搜索名称包含"test"的Catalog
python3 scripts/dlf_metadata_query.py list-catalogs --pattern %test%
python3 scripts/dlf_metadata_query.py list-catalogs --pattern %test%
Search databases whose name starts with "prod_"
搜索名称以"prod_"开头的数据库
python3 scripts/dlf_metadata_query.py list-databases --catalog-id <catalog_id> --pattern prod_%
python3 scripts/dlf_metadata_query.py list-databases --catalog-id <catalog_id> --pattern prod_%
Search tables whose name starts with "user" (DEFAULT — calls ListTables)

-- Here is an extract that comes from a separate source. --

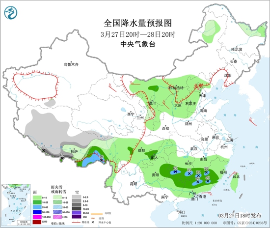 中央气象台2026年03月27日18时发布未来三天全国天气预报。详细
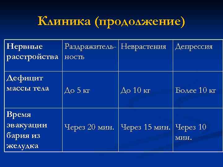 Клиника (продолжение) Нервные Раздражитель- Неврастения Депрессия расстройства ность Дефицит массы тела Время эвакуации бария из желудка До 5 кг До 10 кг Более 10 кг Через 20 мин. Через 15 мин. Через 10 мин.

搜索名称以"user"开头的表(默认操作 —— 调用ListTables)
python3 scripts/dlf_metadata_query.py list-tables --catalog-id <catalog_id> --database <db_name> --pattern user%
> **Anti-pattern**: do not use `list-table-details --pattern ...` to search by name. That calls `ListTableDetails` and is heavier than required. Reach for `list-table-details` only when the user has explicitly asked for the Schema / columns of every matching table.python3 scripts/dlf_metadata_query.py list-tables --catalog-id <catalog_id> --database <db_name> --pattern user%
> **反模式:** 请勿使用`list-table-details --pattern ...`按名称搜索。该操作调用`ListTableDetails`,比需求更重量级。仅当用户明确要求所有匹配表的Schema/列时,才使用`list-table-details`。Output Format
输出格式
- List operations:
{"count": N, "items": [...]} - Get operations: a single JSON object
- Errors:
{"error": "...", "hint": "..."}
- 列出操作:
{"count": N, "items": [...]} - 获取操作:单个JSON对象
- 错误:
{"error": "...", "hint": "..."}
Verification
验证
If returns the Catalog list, the connection and permissions are working:
list-catalogsbash
python3 scripts/dlf_metadata_query.py list-catalogs --region cn-hangzhouSee references/verification-method.md for detailed verification steps.
如果返回Catalog列表,则说明连接和权限正常:
list-catalogsbash
python3 scripts/dlf_metadata_query.py list-catalogs --region cn-hangzhou详细验证步骤请查看references/verification-method.md。
Best Practices
最佳实践
- Prefer the lightweight action over
list-*/list-*-details. When the task only requires listing resource names, IDs, or fuzzy matching, you MUST useget-*/list-catalogs/list-databases(which calllist-tables/ListCatalogs/ListDatabases). Only useListTablesorlist-*-detailswhen the user explicitly asks for full configuration, Schema, columns, properties, owner, or location. Reaching for the heavier API when the lighter one suffices is incorrect.get-* - List before Get: use list-catalogs to obtain catalog_id first, then use catalog_id to query databases and tables.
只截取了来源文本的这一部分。